Olá, Alfred, obrigada pela resposta. Sei que a sinceridade não é apreciada por muitos nesse meio 'literário'. Não é o meu caso, gostei da sua resposta, e do tom. É uma pena, pois desperdiçamos boas chances de real compartilhamento simplesmente tentando provar, por A mais B, quem tem ou não razão. Não é o meu propósito. Eu só quis chamar sua atenção para outros aspectos da questão e minhas observações não foram pessoais nem agressivas, não o conheço e por isso não posso, não devo nem quero julgá-lo. Continuo discordando do seu ponto de vista, mas não tenho tempo agora, nem vontade, para entrar de cabeça numa tal discussão, não vale a pena. Grata pela atenção, Helena.

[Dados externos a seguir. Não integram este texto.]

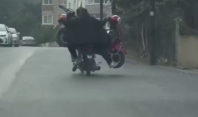 Şile'de motosikletle seyir halinde olan 2 kişi, bindikleri motosikletin üzerine başka bir motosiklet yükleyerek yolculuk yaptı. O anları kaydeden vatandaşlar, gördükleri manzara karşısında kahkahalarını tutamadı.

"Eu só quis chamar sua atenção para outros aspectos da questão e minhas observações não foram pessoais nem agressivas..."

Não tenho dúvida disto, Helena, tampouco as minhas. ;)

Abraços.

Uma visão mais panorâmica sempre se torna possível,quando temos os pontos de observação sobrelevados.O ponto comum entre esses avistamentos ,coloca os dois pontos de interesse geral numa sociedade;onde o poder maior é o da comunicação;que são :a escrita,e a leitura(sejam quais formas simbólicas e de sentido artístico,sejam suas representantes),e respectivamente o que as envolve em sentido mais direto e original,que é sua identidade nacional...sua etnia.É quase evidente que outros povos fizeram desse princípio de identidade ,um reforço de caráter linguístico,e isto foi refletir no fundamento básico de qualquer cultura latente de bons escritores,ou seja,o ensino das características do Universo simbólico das letras.O Brasil é deficiente nesses dois aspectos fundamentais para a construção de uma literatura robusta e sadia,é a falta de identidade étnica(idealismo),e a pouco universalismo da educação,e isto,muito anterior ao primário,ou pré-escola,portanto,apenas acrescento aos ilustres debatedores,uma pouca visão de sobrevôo.